Member of the Victorian Legislative Council for Eastern Victoria Region
- Incumbent
- Assumed office 16 April 2015
- Preceded by: Danny O'Brien

Personal details
- Born: 18 December 1966 (age 59) Fish Creek, Victoria, Australia
- Party: The Nationals
- Education: University of Melbourne
- Profession: Teacher
- Website: http://www.melinabath.com.au/

= Melina Bath =

Australian politician

Melina Gaye Bath (born 18 December 1966) is an Australian politician and former schoolteacher, who is a Nationals member of the Victorian Legislative Council representing the Eastern Victoria Region.

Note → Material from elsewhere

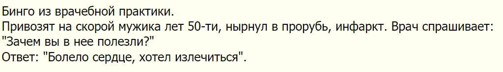 А что, сказал врач, дали по башке, а потом у него инфаркт...

Bath studied a science degree and diploma of education at the University of Melbourne and was a mathematics and science teacher at Mirboo North Secondary College. Prior to teaching, she ran a health food store in Leongatha for twelve years. In March 2015, she was preselected by the National Party to replace Danny O'Brien, who had resigned his seat in the Legislative Council's Eastern Victoria Region to contest the lower house seat of Gippsland South at the 2015 Gippsland South state by-election, following the retirement of the long-standing MP, Peter Ryan.

In February 2022, Bath, along with Matthew Guy, Peter Walsh, David Davis and Gary Blackwood, were fined $100 each for breaching face mask rules, after the Coalition MPs were photographed maskless while attending an event in Parliament House.